World War II

World War II


Turmoil, Tears, and Triumph 

Timeline of Important Events

The Treaty of Versailles and Wilson’s Fourteen Points  
Review the rise of totalitarianism in Europe following World War I.  (Standard, 2.1.1;  2.8.2) 

In 1919, Lloyd George of England, Orlando of Italy, Clemenceau of France and Woodrow Wilson from the US met to discuss how Germany was to be made to pay for the damage world war one had caused.

Treaty of Versailles

In 1919, Lloyd George of England, Orlando of Italy, Clemenceau of France and Woodrow Wilson from the US met to discuss how Germany was to be made to pay for the damage world war one had caused.

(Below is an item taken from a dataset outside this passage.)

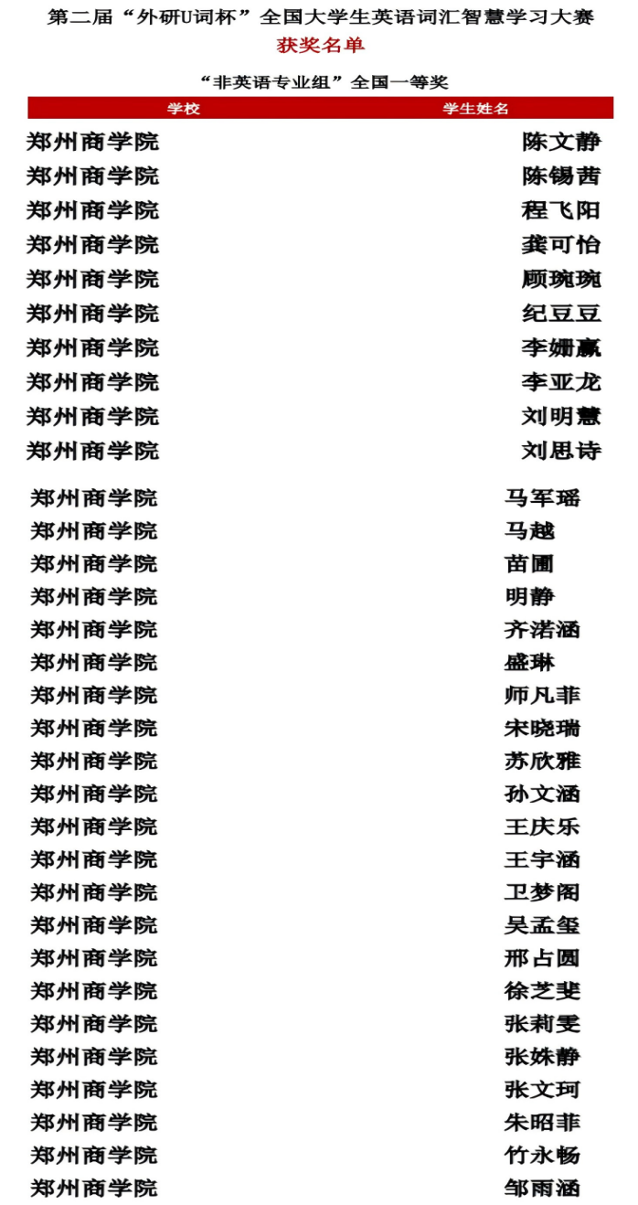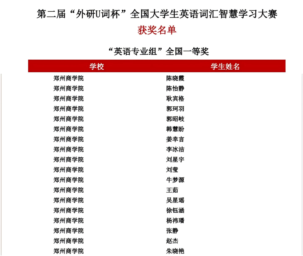 在刚刚落幕的第二届“外研U词杯”全国大学生英语词汇智慧学习大赛中,999策略白菜手机论坛的学子们凭借出色的英语词汇能力和卓越的智慧学习技巧,在全国31个省市自治区1100多所高校的十余万名参赛者中脱颖而出,以下是获奖情况:

  • Woodrow Wilson (USA) wanted a treaty based on his 14-point plan which he believed would bring peace to Europe.
  • Georges Clemenceau (France) wanted revenge. He wanted to be sure that Germany could never start another war again.
  • Lloyd George (England) personally agreed with Wilson but knew that the British public agreed with Clemenceau. He tried to find a compromise between Wilson and Clemenceau.
  • Germany had been expecting a treaty based on Wilson’s 14 points and were not happy with the terms of the Treaty of Versailles. However, they had no choice but to sign the document.

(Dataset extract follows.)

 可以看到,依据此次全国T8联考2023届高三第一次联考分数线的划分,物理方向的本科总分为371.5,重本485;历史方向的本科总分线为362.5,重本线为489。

The main terms of the Treaty of Versailles were:

  • War Guilt Clause – Germany should accept the blame for starting World War One
  • Reparations – Germany had to pay 6,600 million pounds for the damage caused by the war
  • Disarmament – Germany was only allowed to have a small army and six naval ships. No tanks, no airforce and no submarines were allowed. The Rhineland area was to be de-militarised.
  • Territorial Clauses – Land was taken away from Germany and given to other countries. Anschluss (union with Austria) was forbidden.

The German people were very unhappy about the treaty and thought that it was too harsh. Germany could not afford to pay the money and during the 1920s the people in Germany were very poor. There were not many jobs and the price of food and basic goods was high. People were dissatisfied with the government and voted to power a man who promised to rip up the Treaty of Versailles. His name was Adolf Hitler.

Adolf Hitler became Chancellor of Germany in January 1933. Almost immediately he began secretly building up Germany’s army and weapons. In 1934 he increased the size of the army, began building warships and created a German air force. Compulsory military service was also introduced.Although Britain and France were aware of Hitler’s actions, they were also concerned about the rise of Communism and believed that a stronger Germany might help to prevent the spread of Communism to the West.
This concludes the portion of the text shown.